= Penokean orogeny =

The Penokean orogeny was a mountain-building episode that occurred in the early Proterozoic about 1.86 to 1.83 billion years ago, in the area of Lake Superior, North America. The core of this orogeny, the Churchill Craton, is composed of terranes derived from the 1.86–1.81 Ga collision between the Superior and North Atlantic cratons. The orogeny resulted in the formation of the Nena and Arctica continents, which later merged with other continents to form the Columbia supercontinent. The name was first proposed by Blackwelder 1914 in reference to what is known as the Penokee Range, sometimes incorrectly called the Gogebic Range, in northern Michigan and Wisconsin.

The Paleoproterozoic Penokean orogeny developed in an embayment on the southern margin of the Superior Craton. It extends east from Minnesota to the Grenville orogen near Lake Huron and south to the Central Plain in Wisconsin. It is composed of two domains separated by the Niagara Fault Zone: the southern, internal domain, the Wisconsin Magmatic Terranes, consists of Paleoproterzoic tholeiitic and calc-alkaline island arc rocks and calc-alkaline plutonic rocks; the northern, external domain consists of a continental margin foreland basin overlying an Archaean basement and includes the supracrustal rocks of the Animikie Group and Marquette Range Supergroup. The collision between the two domains around 1.88–1.85 Ga resulted in northward-directed thrusting and folding of the northern domain.

Before this episode the area was a passive continental margin occupied by a shallow sea, which created large sedimentary deposits including the banded iron formations of the Iron Ranges.

The orogeny happened in two phases.

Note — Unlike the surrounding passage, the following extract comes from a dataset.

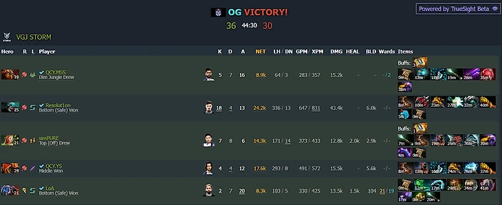 Пару дней назад, при обсуждении этой статьи, коллега спросил меня: «А разве Морфлинг – ненадежный герой?». На третьей карте OG – PSG.LGD Yuragi дал исчерпывающий ответ. В этой игре у OG, начиная с линий, было огромное преимущество как по золоту, так и по стратегической инициативе. Снесенная нижняя сторона, 9 тысяч преимущества – и это против Алхимика! Но все это неважно, когда твой керри – Морфлинг. Yuragi убили несколько раз (из-за перекачки в ловкость), а OG потеряла все преимущество и отправилась в нижнюю сетку.
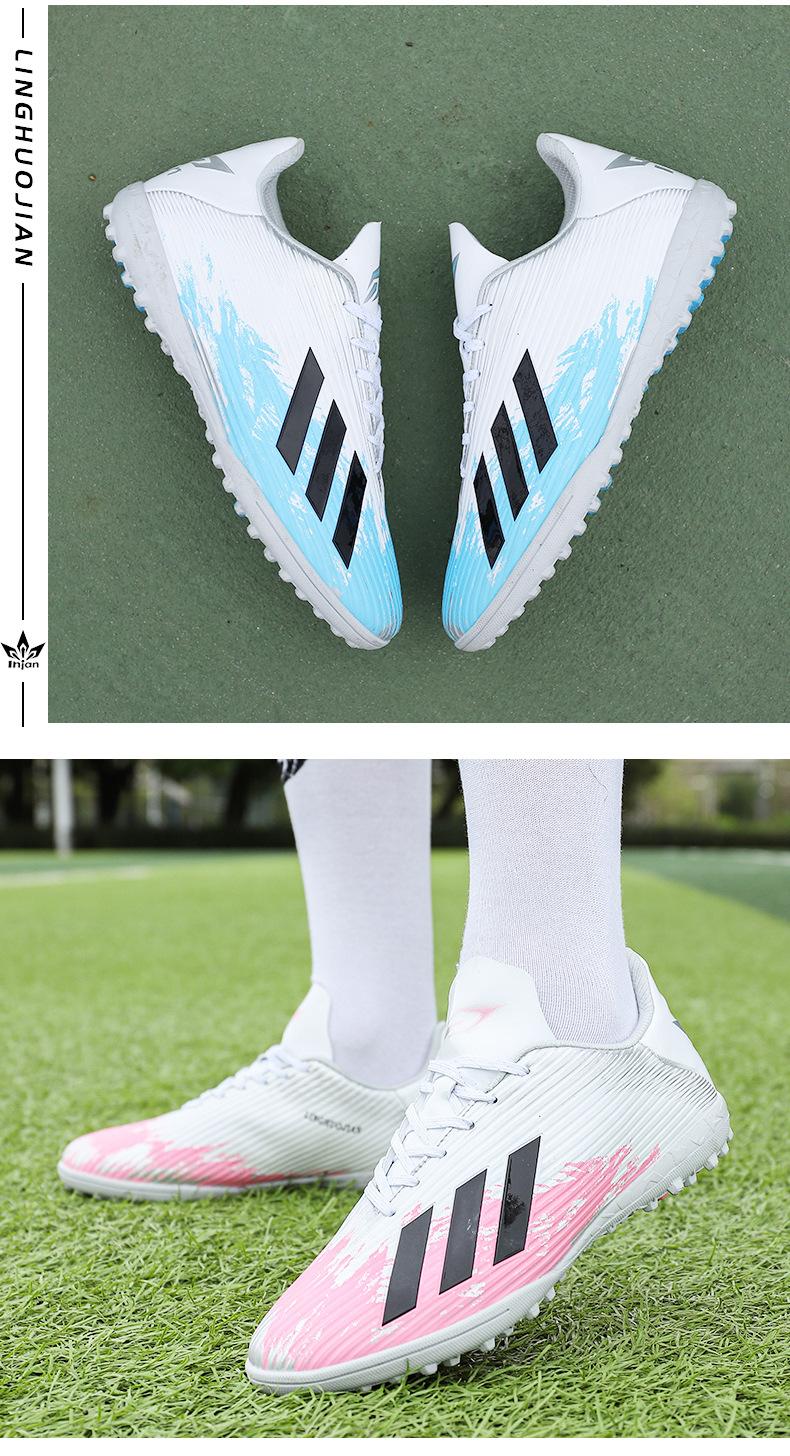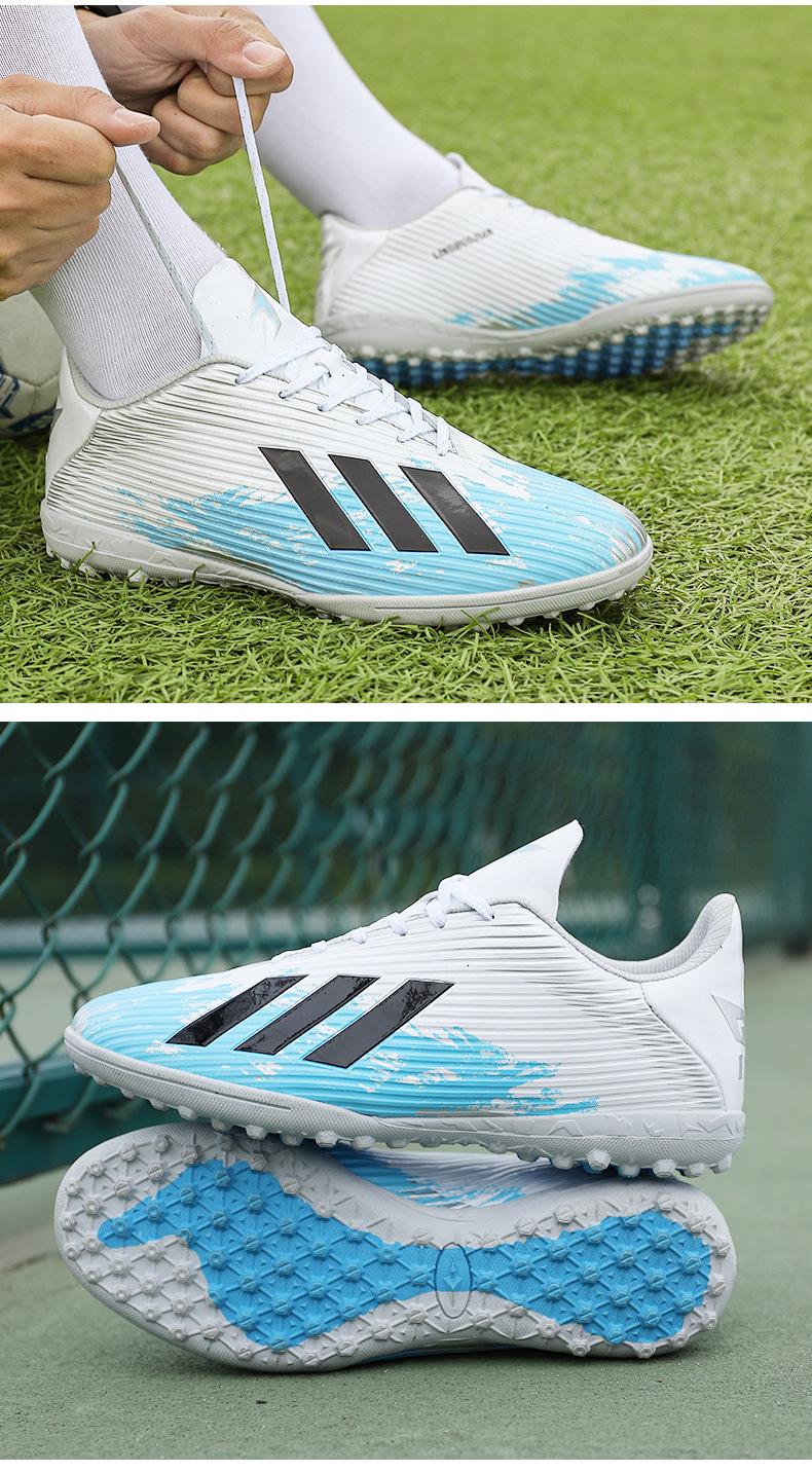 | Nuevas botas de fútbol para niños, para hombres y mujeres, antideslizantes, transpirables, con hebilla giratoria y cordones, para fútbol TF, clavos rotos, botas de fútbol antideslizantes para jóvenes. |

First an island arc called the Pembine-Wausau terrane collided with the ancient North American craton along with volcanoes formed in its back-arc basin. The second phase involved a microcontinent called the Marshfield terrane, which today forms parts of Wisconsin and Minnesota. The episode lasted about 10 million years.

Hundreds of millions of years later, the Keweenawan Rift occurred in the same area creating the basin that would eventually become Lake Superior. The remains of this orogeny can be seen today as the Iron Ranges of Minnesota and Ontario, the Northern Highlands of Wisconsin and the Upper Peninsula of Michigan.